*DATA PROVIDED*:
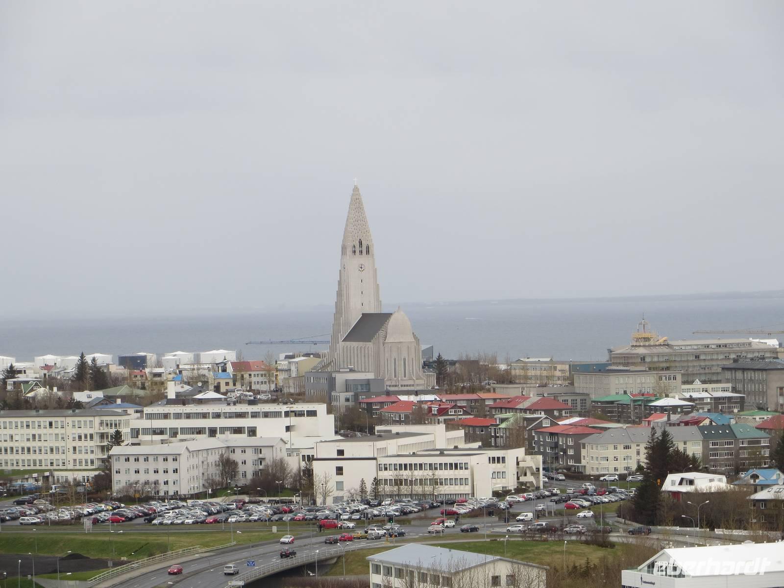Am späten Vormittag trafen wir uns am Flughafen Berlin-Schönefeld und begannen von hier gemeinsam unsere Kurzreise nach Island. Pünktlich startete um 12:40 Uhr unser Flug mit WOW Air nach Keflavik und bereits nach knapp 4 Stunden erreichten wir die Vulkaninsel im Norden Europas. Am Flughafen erwartete uns bereits Haldur, der uns in den kommenden Tagen als Reiseleiter seine Heimat zeigen würde. Berlin verließen wir bei sonnigem Pfingstwetter, hier war es deutlich kühler und in den kommenden Tagen würden wir das wechselhafte Wetter kennenlernen. Auf unserer kurzen Fahrt sahen wir die hier karge Landschaft aus Lavafeldern und nach ca. einer halben Stunde erreichten wir die berühmte Blaue Lagune. Das Thermalfreibad entstand einst aus dem „Abwasser" des nahe gelegenen Geothermalkraftwerkes Svartsengi. Dieses pumpt das heiße Wasser aus ca. 2000 Meter Tiefe zur Oberfläche zur Energiegewinnung und anschließend fließt dieses dann in das umliegende Lavafeld. Daraus entstand der Salzwassersee in der typischen milchigen blau-weißen Farbe, die von den Kieselalgen stammt. Hier trafen wir dann auch unsere weiteren Reiseteilnehmer, die von Frankfurt/Main aus geflogen sind und unsere Reisegruppe war mit 17 Gästen nun komplett. Einige von uns badeten ausgiebig, andere spazierten auf den angelegten Pfaden in dieser bizarren Landschaft. Nach einem kleinen Imbiss in der Cafeteria fuhren wir nach Reykjavik. Nach ca. 45 Minuten erreichten wir unser Hotel Kettlur in Islands Hauptstadt.
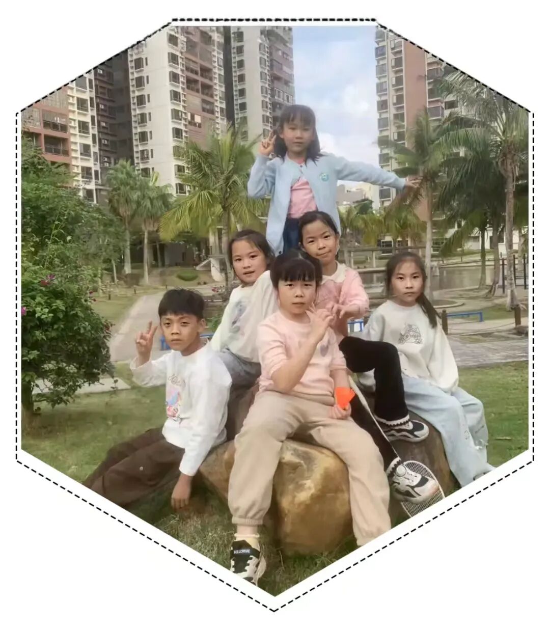 刚结束大扫除的小朋友们额角还沾着细碎的汗珠,齐齐围坐在小区凉亭的石凳上,脆生生的童声齐声扬起:
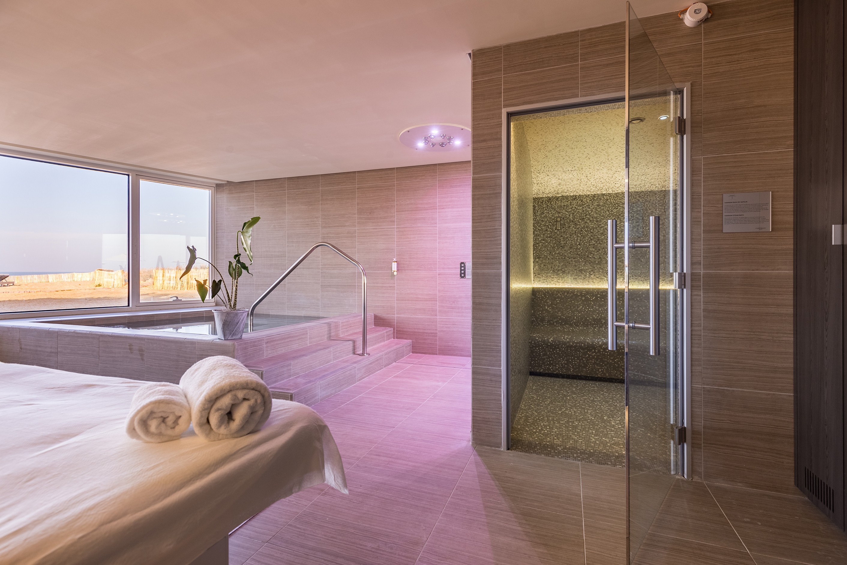 Het hotel stelt alles in teken van de oceaan. De gastronomische keuken, de Thalasso Spa Marin en de Spa Nuxe. Voor deze laatste mocht AWS een Chaleur Pro sauna en hamam installeren. Beide afgewerkt met sfeervolle ledverlichting, luidsprekerset en de Alpha luxedeur, zorgen ze voor een stijlvolle relax-ervaring. De saunakuur kan je afwisselen met allerhande schoonheidsverzorgingen en massages. De oceaan was nog nooit zo rustgevend!

*WORK REQUIRED*:
Your answer should consist solely of the lines from the line with "刚结束大扫除的小朋友们额角还" to the final line of the listing, set down word for word, pictures omitted.

*TASK RESULT*:
 刚结束大扫除的小朋友们额角还沾着细碎的汗珠,齐齐围坐在小区凉亭的石凳上,脆生生的童声齐声扬起:
 Het hotel stelt alles in teken van de oceaan. De gastronomische keuken, de Thalasso Spa Marin en de Spa Nuxe. Voor deze laatste mocht AWS een Chaleur Pro sauna en hamam installeren. Beide afgewerkt met sfeervolle ledverlichting, luidsprekerset en de Alpha luxedeur, zorgen ze voor een stijlvolle relax-ervaring. De saunakuur kan je afwisselen met allerhande schoonheidsverzorgingen en massages. De oceaan was nog nooit zo rustgevend!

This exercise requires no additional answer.